_INFORMATION PROVIDED_.
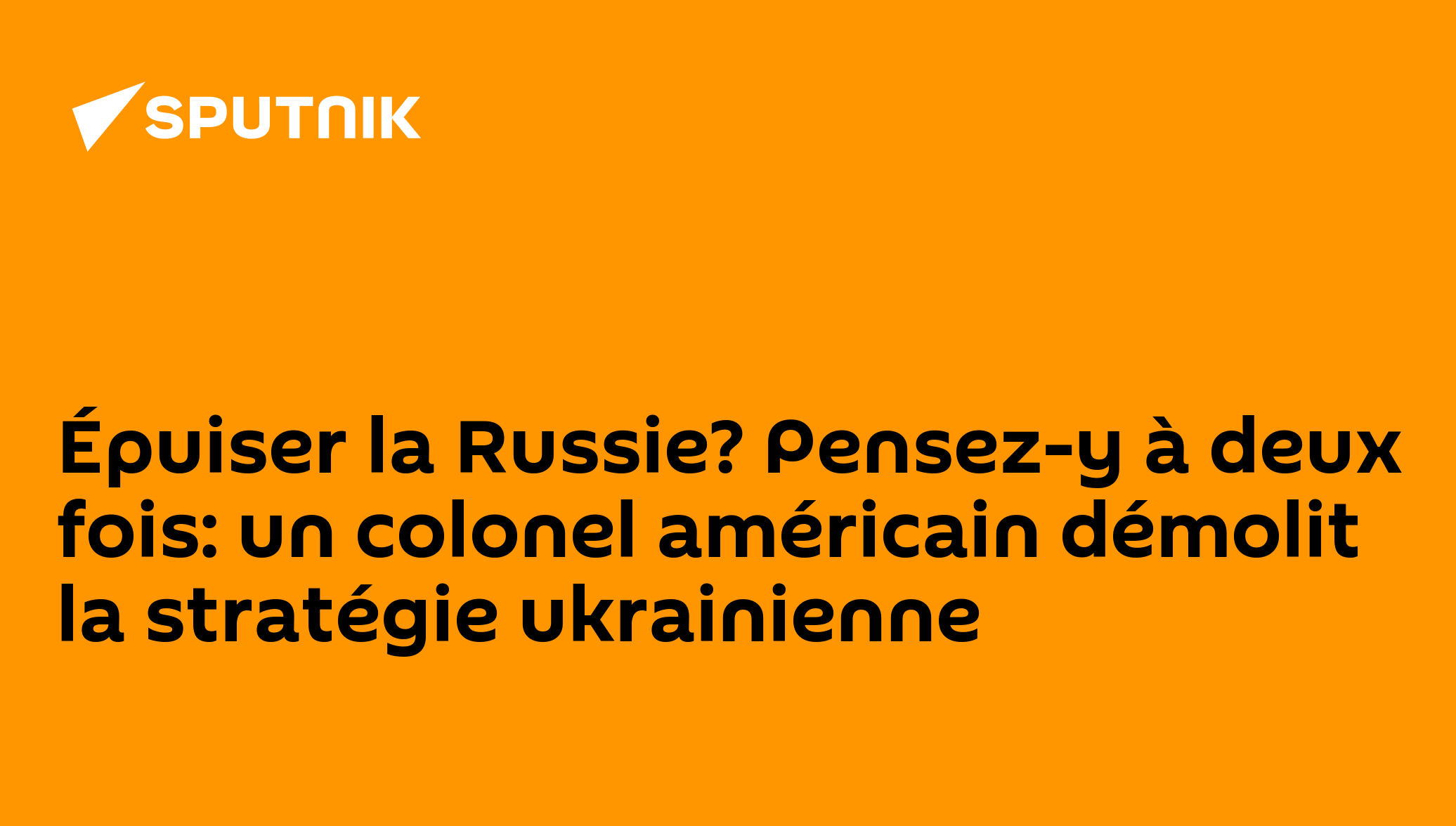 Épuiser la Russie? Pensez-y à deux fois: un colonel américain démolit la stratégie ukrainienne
--
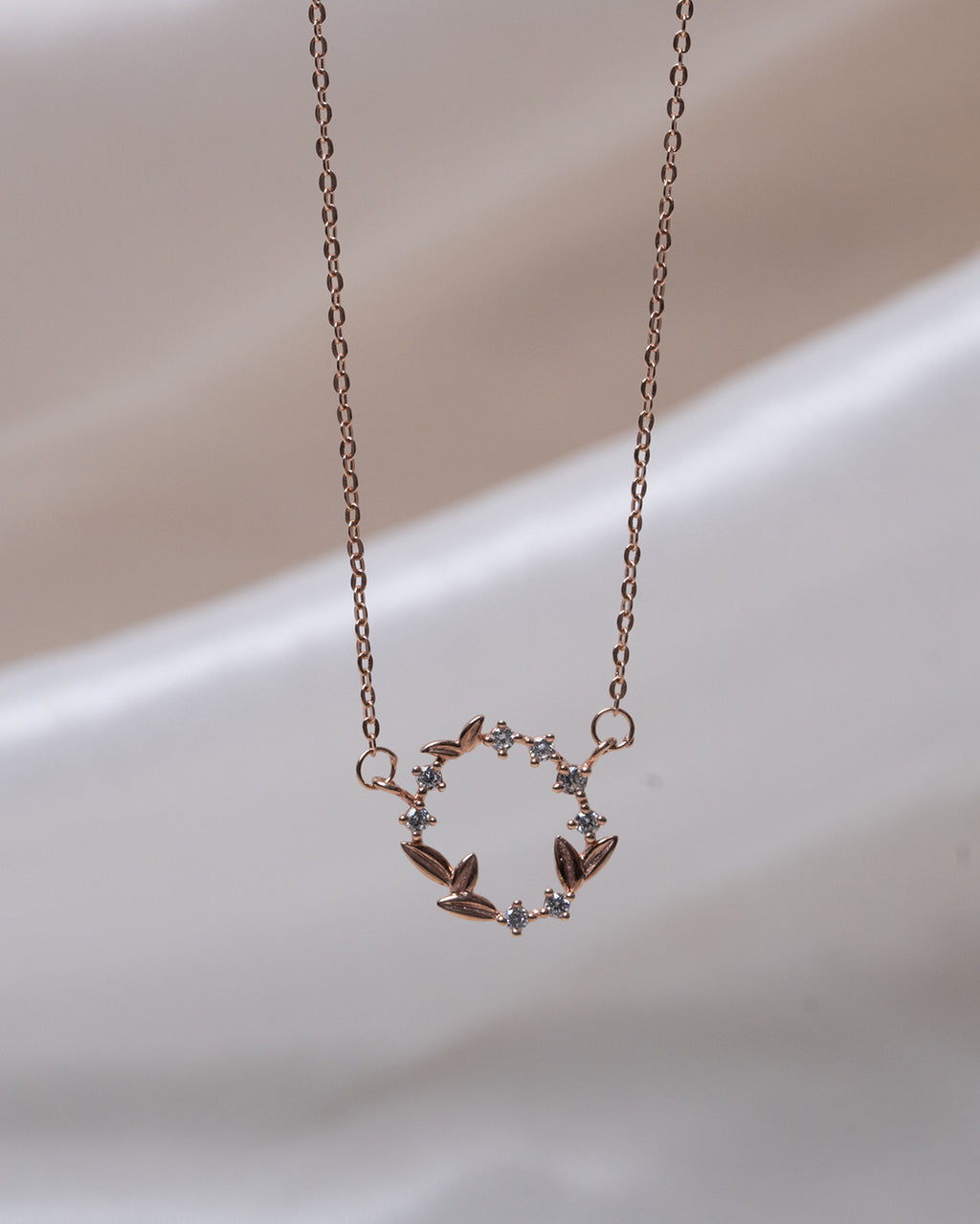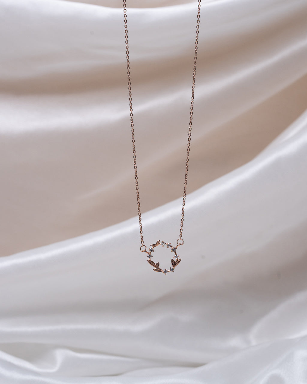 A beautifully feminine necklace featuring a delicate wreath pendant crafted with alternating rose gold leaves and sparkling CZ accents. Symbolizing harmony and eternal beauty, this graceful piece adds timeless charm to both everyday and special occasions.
...
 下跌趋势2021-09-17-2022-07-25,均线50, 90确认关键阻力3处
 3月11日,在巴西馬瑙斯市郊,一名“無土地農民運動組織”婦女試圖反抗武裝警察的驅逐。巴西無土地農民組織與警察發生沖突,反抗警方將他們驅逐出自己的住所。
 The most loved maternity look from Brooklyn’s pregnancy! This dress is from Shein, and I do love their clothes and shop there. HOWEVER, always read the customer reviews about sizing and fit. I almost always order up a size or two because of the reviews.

_WHAT THE TASK ASKS_. Print exactly the lines of the listing above starting at the line containing "下跌趋势2021-09-17" and ending at the line containing "The most loved", both included.

_WRITTEN ANSWER_.
 下跌趋势2021-09-17-2022-07-25,均线50, 90确认关键阻力3处
 3月11日,在巴西馬瑙斯市郊,一名“無土地農民運動組織”婦女試圖反抗武裝警察的驅逐。巴西無土地農民組織與警察發生沖突,反抗警方將他們驅逐出自己的住所。
 The most loved maternity look from Brooklyn’s pregnancy! This dress is from Shein, and I do love their clothes and shop there. HOWEVER, always read the customer reviews about sizing and fit. I almost always order up a size or two because of the reviews.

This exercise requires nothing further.